Problem statement = Please restate every entry exactly. Leave out the pictures.

Excerpted data =
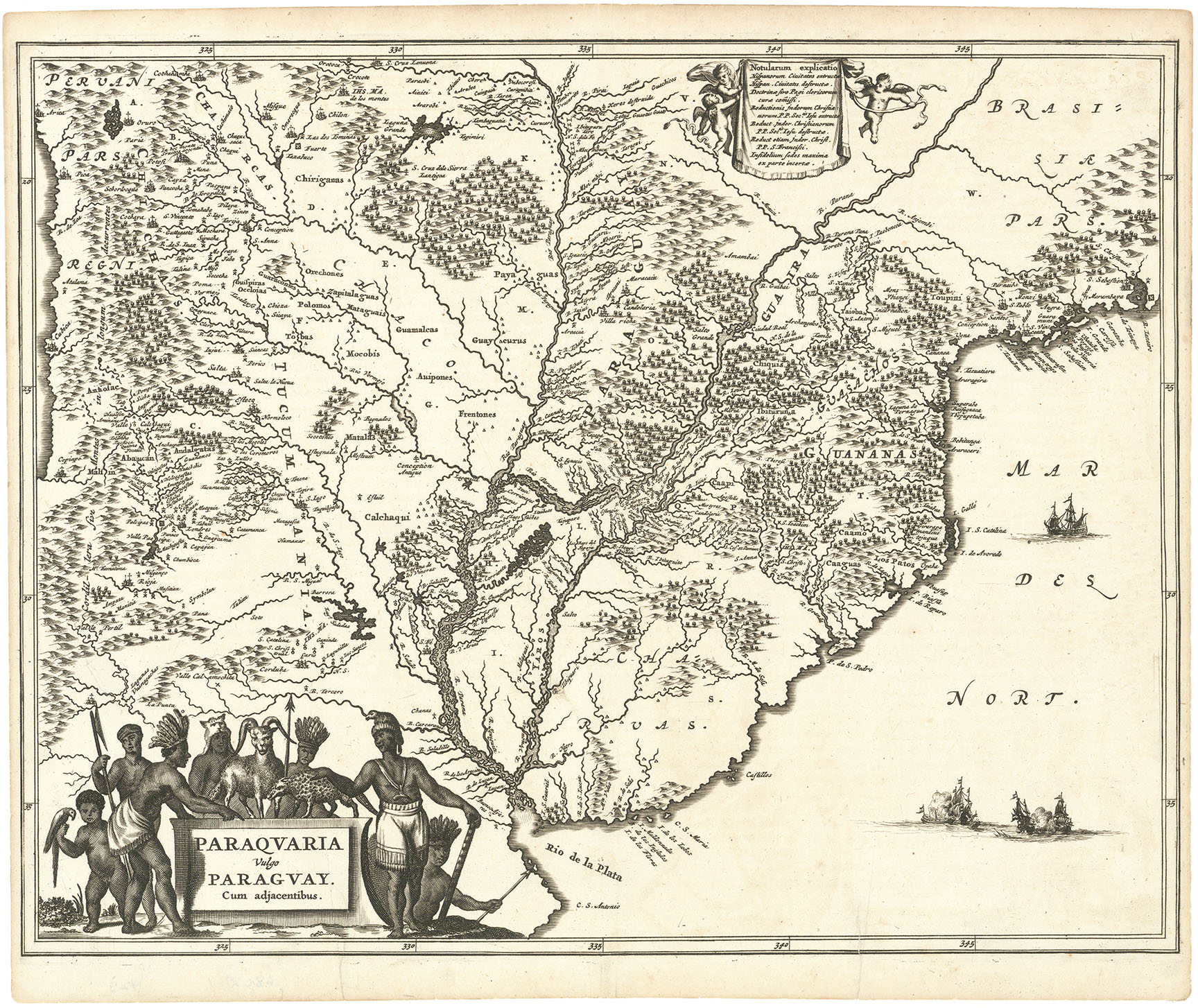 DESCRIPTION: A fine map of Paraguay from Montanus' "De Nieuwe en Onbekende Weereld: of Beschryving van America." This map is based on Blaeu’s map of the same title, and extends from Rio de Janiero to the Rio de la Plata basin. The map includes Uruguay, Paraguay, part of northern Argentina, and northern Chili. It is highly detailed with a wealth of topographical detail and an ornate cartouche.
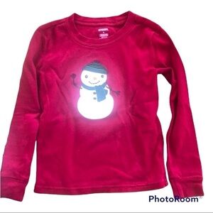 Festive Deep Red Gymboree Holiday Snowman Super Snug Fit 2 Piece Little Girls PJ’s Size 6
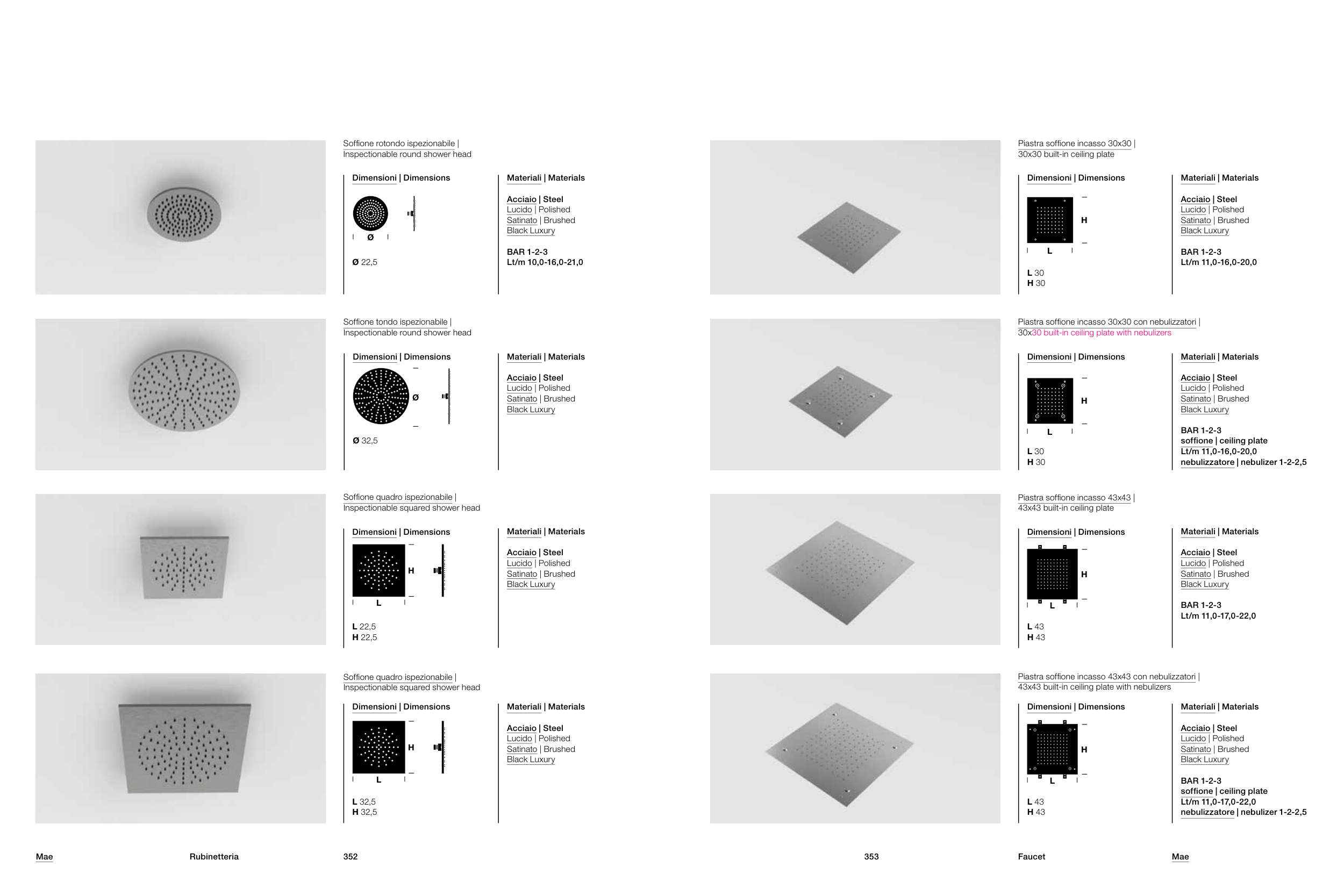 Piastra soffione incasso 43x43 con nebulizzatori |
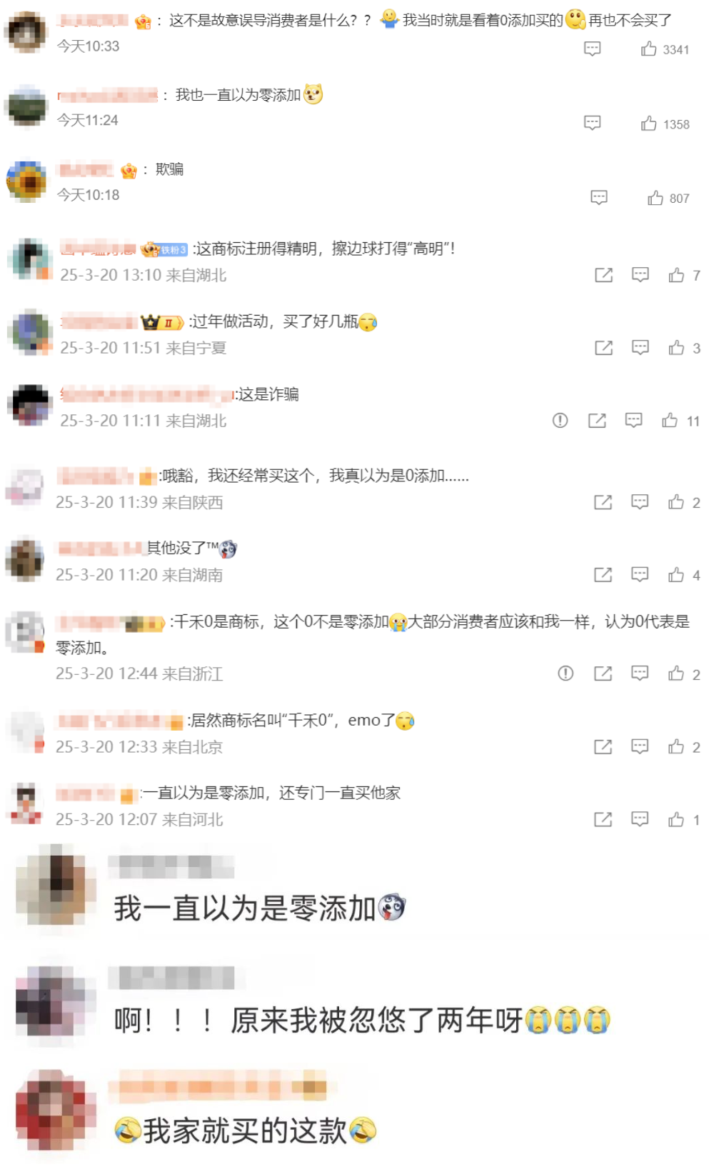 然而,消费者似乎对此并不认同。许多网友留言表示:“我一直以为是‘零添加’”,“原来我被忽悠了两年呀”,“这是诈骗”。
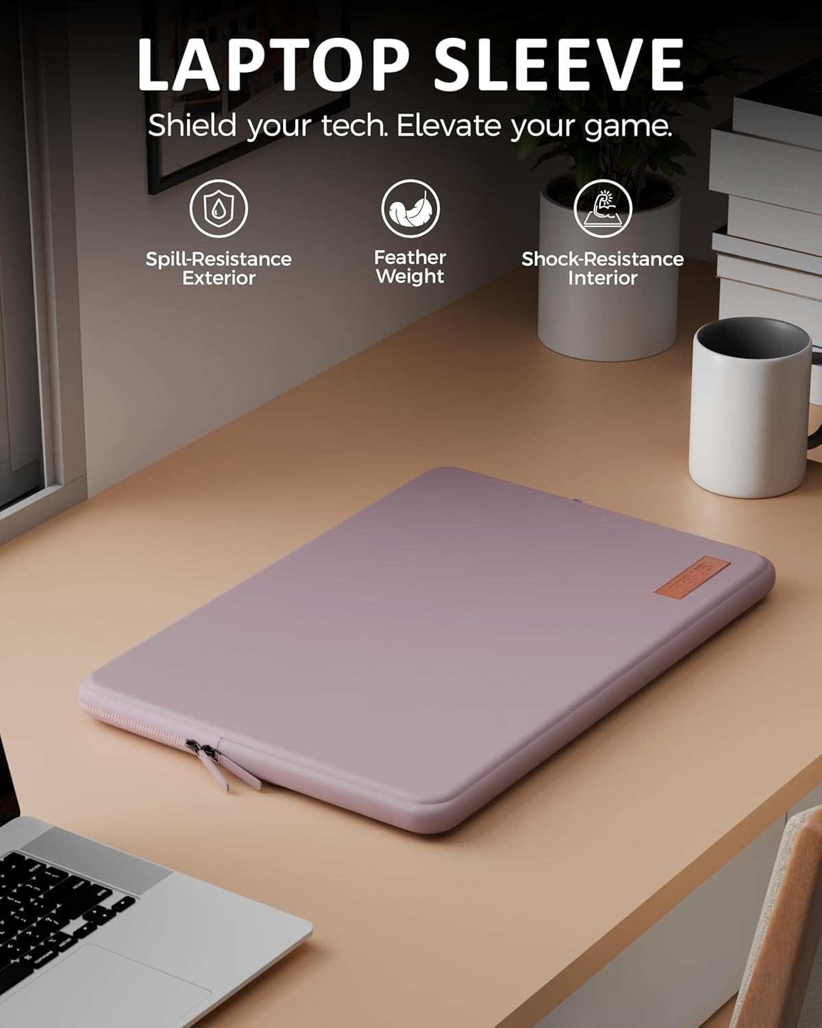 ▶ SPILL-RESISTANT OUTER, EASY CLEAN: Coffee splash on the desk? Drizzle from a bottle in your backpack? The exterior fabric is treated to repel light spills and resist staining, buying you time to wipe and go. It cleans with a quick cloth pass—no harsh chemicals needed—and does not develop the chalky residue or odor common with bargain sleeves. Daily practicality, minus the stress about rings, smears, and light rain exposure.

Solution =
 DESCRIPTION: A fine map of Paraguay from Montanus' "De Nieuwe en Onbekende Weereld: of Beschryving van America." This map is based on Blaeu’s map of the same title, and extends from Rio de Janiero to the Rio de la Plata basin. The map includes Uruguay, Paraguay, part of northern Argentina, and northern Chili. It is highly detailed with a wealth of topographical detail and an ornate cartouche.
 Festive Deep Red Gymboree Holiday Snowman Super Snug Fit 2 Piece Little Girls PJ’s Size 6
 Piastra soffione incasso 43x43 con nebulizzatori |
 然而,消费者似乎对此并不认同。许多网友留言表示:“我一直以为是‘零添加’”,“原来我被忽悠了两年呀”,“这是诈骗”。
 ▶ SPILL-RESISTANT OUTER, EASY CLEAN: Coffee splash on the desk? Drizzle from a bottle in your backpack? The exterior fabric is treated to repel light spills and resist staining, buying you time to wipe and go. It cleans with a quick cloth pass—no harsh chemicals needed—and does not develop the chalky residue or odor common with bargain sleeves. Daily practicality, minus the stress about rings, smears, and light rain exposure.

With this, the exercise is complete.